Nelle terre marchigiane le ragazze dormivano per tre notti consecutive con un confetto sotto il cuscino perché, in sogno premonitore, potessero capire chi sarebbe stato il pretendente. Stesso leit motiv nelle terre venete con l’unica differenza che dovevano contare per 9 sere di fila 9 stelle e, sotto il cuscino invece del confetto c’era lo specchio.
Spostandoci nel Sud Italia e, precisamente, In Puglia nella notte fra il 23 e 24 giugno (chiamata notte di S. Giovanni) le ragazze “zitelle” che desideravano avere qualche dato sul consorte interpretavano la forma assunta da piombo liquefatto e fatto cadere in un po’ d’acqua.
Ad esempio a Milazzo il vestito è celeste e, poi la sposa non deve guardarsi allo specchio a meno che non si tolga un guanto o un orecchino; per scongiurare liti con la futura suocera la nuora le dona un rametto d’ulivo. Nelle terre sarde, al passaggio degli sposi, si fanno cadere alcuni piatti che devono rompersi per essere di buon auspicio! Mai piantare un oleandro nelle vicinanze dell’abitazione perché porta ostacoli nella strada per arrivare alle nozze, come pure mai aggiungere del vino nel bicchiere già pieno dell’ospite.

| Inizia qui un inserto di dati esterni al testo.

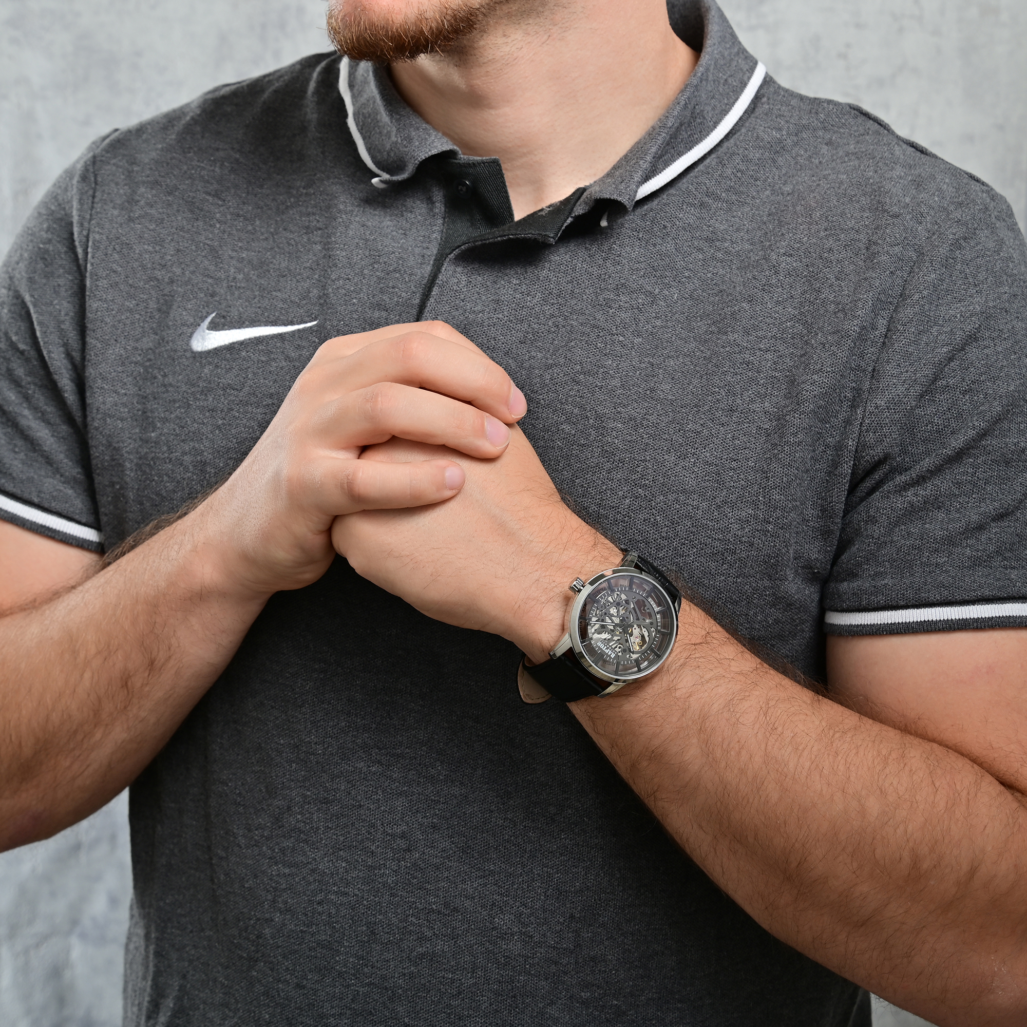 Dit moderne herenhorloge met skelet is meer dan alleen een uurwerk - het is een statement. Een combinatie van technisch raffinement, tijdloze esthetiek en hoogwaardige afwerking die je persoonlijkheid benadrukt. De 44 mm roestvrijstalen kast met een hoogte van 15 mm geeft het horloge een constante aanwezigheid om de pols. Het gebogen mineraalglas aan de voorkant creëert diepte en geeft het ontwerp een elegante dynamiek. Aan de achterkant biedt een volledig transparant mineraalglas een fascinerend zicht op het mechanische automatische uurwerk - de kunst van horlogemaken die leeft en ademt.

Nell’isola siciliana e in alcuni paesi dell’Italia del Sud viene apostrofata “cunzata” l’usanza di allestire il letto degli sposi, da svolgersi rigorosamente il giovedì prima del fatidico sì. Nella notte più lunga dell’anno (quella di S. Lucia), il 13 dicembre, le ragazze di Forlì usavano cucire la camicia che avrebbero poi indossato la prima notte di nozze.